I wish to make an extended footnote on last Monday's post, regarding further similarities I see between the comics and video game markets. When I was in high school I went through a profound comics-geek phase where, beyond the typical obsessive book-hoarding, I undertook to learn everything there was to learn about that medium's history (a full decade before Wikipedia came 'round, my son). I've long since sold my longboxes full of Mylar-bagged pulp, but that knowledge remains, and I can't help but get very tangential when I have reason to compare comics to any other medium. Having thus further established my nerdboy bloviation credentials:
I see Valve Software today holding the same position in the overall media landscape that Marvel Comics occupied in the early-mid 1960s.

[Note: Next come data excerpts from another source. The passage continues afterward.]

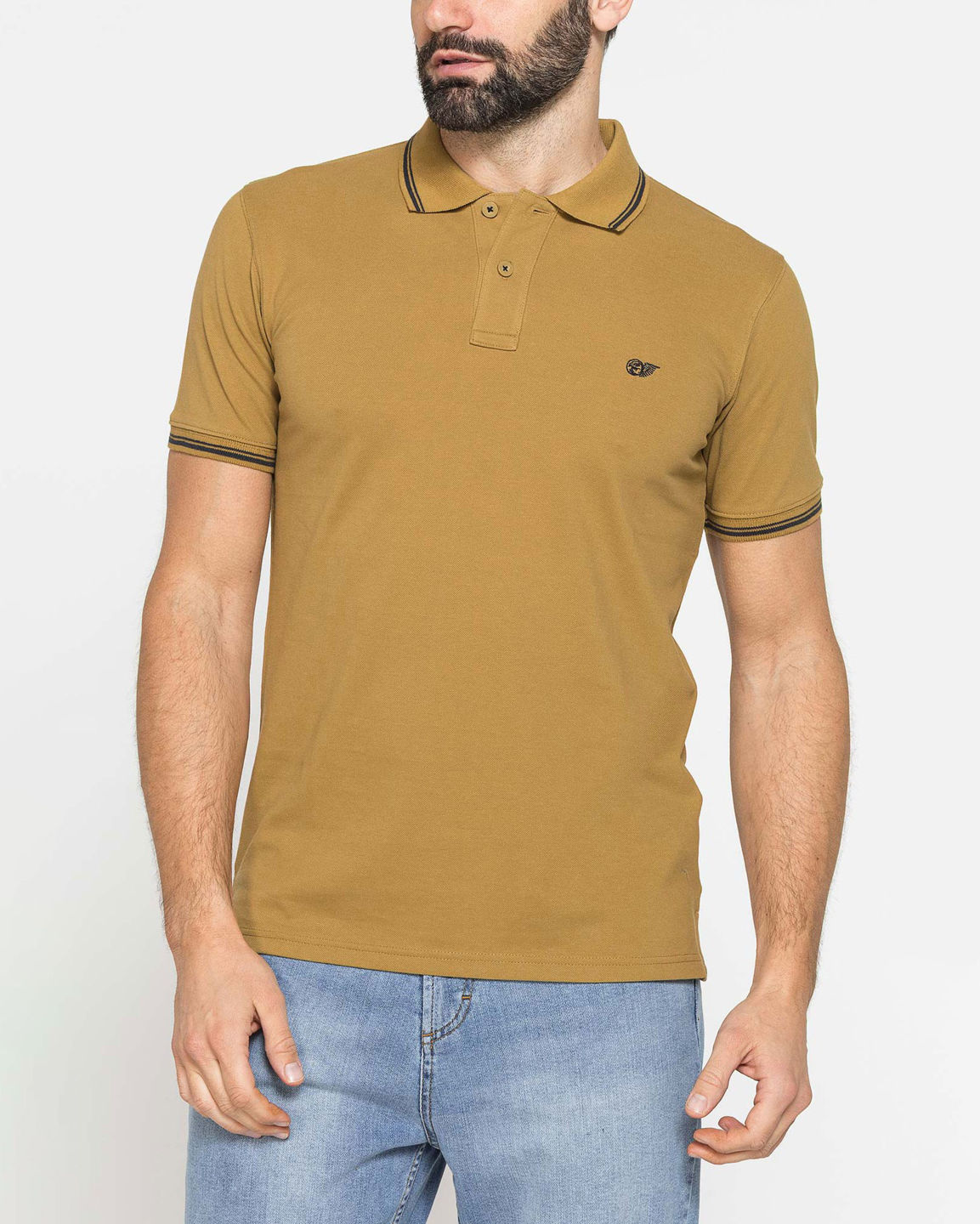 CARRERA - Polo manica corta basic in piquet di cotone ocra con bordino a contrasto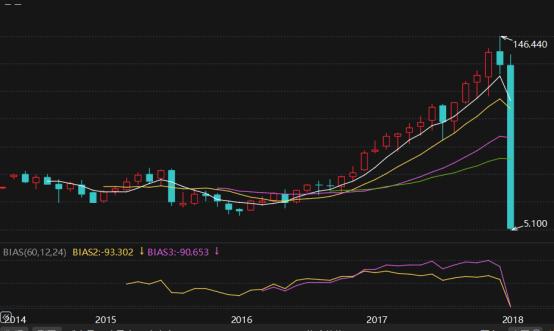 然后,就出现了后面那根从天而降的大阴线,而且是在一夜之间发生,这个XIV就是这次“波动率末日”的主角。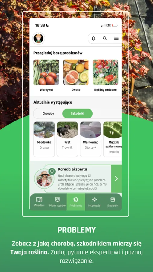 Aplikacja to także miejsce, w którym możesz rozpoznać jaką roślinę masz w swoim ogrodzie lub zidentyfikować chorobę czy szkodnika na swojej roślinie. Zobacz jak rozpoznać co dolega Twoim drzewom, krzakom i kwiatom, zadaj pytanie innym ogrodnikom-amatorom lub poproś o pomoc eksperta. Zrób zdjęcie swojej rośliny i poczekaj 24h na poradę eksperta i odzew od innych ogrodników.

In both cases, we have two experienced studios, neither the mainstream-recognized giants of their fields, who made an unusual decision: they chose to spend the creative capital gained from prior commercial success to quietly revolutionize their respective medium's dominant genres, rather than take the safer path of grinding out more derivative sameness.
The Orange Box, you see, is Valve's own Amazing Fantasy #15. In 1962, that generic-sounding title was the magazine issue that introduced the world to Spider-Man, a hero who wasn't the usual sort of alien demigod or unapproachable avenger that had defined costumed-adventurer tales for decades. Instead, he was a nerdy kid with a crappy life whose heroics were just as much an escape for him as they were for his readers. Sure, he ran around in long underwear and beat people up, just like his literary forebears had been doing for years: Spider-Man continued to embrace the core tenets of his genre. But did so in a way that was so personable, so identifiable, so likable, that it helped to redefine the superhero genre — and, in turn, forever change the face of western comics.
Similarly, headlining The Orange Box was the continuation of Valve's known-quantity Half Life series, but the actual payload of the package comprised Team Fortress 2 and Portal. Both of these games are shooters, through and through, as much as Half Life is. But beyond being exemplars of their genre, they both brim with personality to the point of being lovable. There's a reason why the internet is filled with fanart of the TF2 gang, the weighted companion cube, and the rest of Valve's recent characters, while the literally faceless and fungible army dudes of Modern Warfare 2 make few appearances outside of the game's own "realistic" and utterly colorless warzone.